* _Records provided_:
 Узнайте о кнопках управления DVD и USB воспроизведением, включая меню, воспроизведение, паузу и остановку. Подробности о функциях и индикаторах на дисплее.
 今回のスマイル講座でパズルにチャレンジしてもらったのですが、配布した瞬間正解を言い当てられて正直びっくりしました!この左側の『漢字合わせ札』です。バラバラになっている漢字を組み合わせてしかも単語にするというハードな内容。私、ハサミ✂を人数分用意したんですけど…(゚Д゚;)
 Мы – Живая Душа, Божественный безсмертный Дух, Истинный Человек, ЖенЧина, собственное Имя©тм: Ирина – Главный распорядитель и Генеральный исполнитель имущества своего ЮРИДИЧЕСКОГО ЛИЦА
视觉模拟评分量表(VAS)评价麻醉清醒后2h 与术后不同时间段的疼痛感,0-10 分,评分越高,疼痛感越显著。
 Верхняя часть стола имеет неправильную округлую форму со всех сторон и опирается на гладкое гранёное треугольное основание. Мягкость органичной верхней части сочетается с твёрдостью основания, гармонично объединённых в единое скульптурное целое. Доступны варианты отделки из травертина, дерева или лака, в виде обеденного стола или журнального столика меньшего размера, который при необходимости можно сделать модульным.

---

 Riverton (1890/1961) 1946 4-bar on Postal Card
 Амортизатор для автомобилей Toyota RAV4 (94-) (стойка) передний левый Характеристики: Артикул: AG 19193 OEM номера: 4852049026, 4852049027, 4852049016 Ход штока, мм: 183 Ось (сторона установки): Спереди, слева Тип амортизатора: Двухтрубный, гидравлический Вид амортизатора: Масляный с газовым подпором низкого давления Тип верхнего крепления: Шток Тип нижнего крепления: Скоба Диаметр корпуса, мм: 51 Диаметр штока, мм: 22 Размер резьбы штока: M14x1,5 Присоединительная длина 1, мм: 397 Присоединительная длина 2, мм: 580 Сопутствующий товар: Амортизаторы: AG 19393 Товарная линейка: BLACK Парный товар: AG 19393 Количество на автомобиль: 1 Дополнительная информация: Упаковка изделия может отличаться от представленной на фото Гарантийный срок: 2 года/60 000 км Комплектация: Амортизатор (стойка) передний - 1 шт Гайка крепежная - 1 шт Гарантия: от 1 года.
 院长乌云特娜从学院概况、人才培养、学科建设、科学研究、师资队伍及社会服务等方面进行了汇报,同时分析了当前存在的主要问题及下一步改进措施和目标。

* _Task instructions_: In your answer, include only the lines above starting at the line that holds "Амортизатор для автомобилей" and ending at the line that holds "院长乌云特娜从学院概况、人才", copied exactly.

* _Reply to the task_:
 Амортизатор для автомобилей Toyota RAV4 (94-) (стойка) передний левый Характеристики: Артикул: AG 19193 OEM номера: 4852049026, 4852049027, 4852049016 Ход штока, мм: 183 Ось (сторона установки): Спереди, слева Тип амортизатора: Двухтрубный, гидравлический Вид амортизатора: Масляный с газовым подпором низкого давления Тип верхнего крепления: Шток Тип нижнего крепления: Скоба Диаметр корпуса, мм: 51 Диаметр штока, мм: 22 Размер резьбы штока: M14x1,5 Присоединительная длина 1, мм: 397 Присоединительная длина 2, мм: 580 Сопутствующий товар: Амортизаторы: AG 19393 Товарная линейка: BLACK Парный товар: AG 19393 Количество на автомобиль: 1 Дополнительная информация: Упаковка изделия может отличаться от представленной на фото Гарантийный срок: 2 года/60 000 км Комплектация: Амортизатор (стойка) передний - 1 шт Гайка крепежная - 1 шт Гарантия: от 1 года.
 院长乌云特娜从学院概况、人才培养、学科建设、科学研究、师资队伍及社会服务等方面进行了汇报,同时分析了当前存在的主要问题及下一步改进措施和目标。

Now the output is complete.